General characteristics
- Type: Guided missile cruiser
- Displacement: 7,930 tons (8,057 metric tons)
- Length: 547 ft (167 m)
- Beam: 55 ft (17 m)
- Draft: 29 ft (8.8 m)
- Propulsion: four 1200 psi (8300 kPa) boilers, two geared steam turbines, two shafts. 85,000 shp (63,384 kW)
- Speed: 32 knots (59 km/h)
- Complement: 27 officers, 450 enlisted
- Sensors & processing systems: AN/SPS-10 surface search RADAR; AN/SPS-48 3D air search radar; AN/SPS-49 2D air search radar; 2 AN/SPG-55 Terrier missile fire control radar; AN/SQS-26 SONAR;
- Armament: (final configuration); 1 × Mk 10 Mod 7 Guided Missile Launching System with 40 SM-2ER Standard missiles; 20 × RUR-5 ASROC Antisubmarine Missiles (Fired from the Mk 10 launcher); 2 × 4 Harpoon missile launchers; 2 × 3 Mark 46 torpedo launchers; 1 × 5 Inch/54-caliber Mk. 42 gun; 2 × Phalanx CIWS;
- Armor: none
- Aircraft carried: (final configuration) 1 × SH-2H Seasprite

= Belknap-class cruiser =

US guided missile cruiser class

The Belknap-class cruiser was a class of guided-missile cruisers built for the United States Navy during the 1960s.
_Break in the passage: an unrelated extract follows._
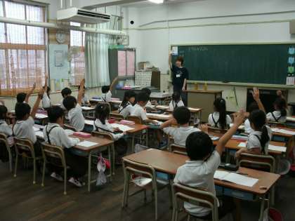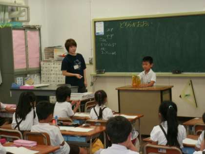 1年2組は、算数の学習をしていました。形状の異なるペットボトルに入った2本のお茶をならべて「どちらがおおい」か考えていました。

They were single-ended, meaning their missile armament was installed only forward, unlike "double-ended" missile cruisers with missile armament installed both forward and aft. The Belknaps were originally designated as DLG frigates (destroyer leaders; the USN use of the term frigate from 1950 to 1975 was intended to evoke the power of the sailing frigates of old), but in the 1975 fleet realignment, they were reclassified as guided missile cruisers (CG).

==Description==
When commissioned, the main armament of the Belknap class was a 5-inch/54-caliber Mk. 42 gun on the quarterdeck and a twin-rail RIM-2 Terrier Mk 10 Mod 7 Guided Missile Launching System on the foredeck. The Mk 10 Mod 7 launchers in this class were modified compared to the others of the same type, with additional 20 missiles and the capability to launch RUR-5 ASROC to eliminate need for a separate Mk 112 ASROC launcher. These were unofficially spoken of as Ter/AS (tear-ass) launchers. The class was also equipped with two single 3"/50 caliber guns for defence against sub-sonic aircraft. In the early 1980s, the Terrier missiles were replaced with RIM-67 Standard missiles; and during the NTU program in the late 1980s and early 1990s the class had its Standard SM-1 system upgraded to utilize SM-2ER Block II, the 3-inch guns were replaced with two 4 cell Harpoon surface-to-surface missile launchers, and two Phalanx CIWS systems were installed.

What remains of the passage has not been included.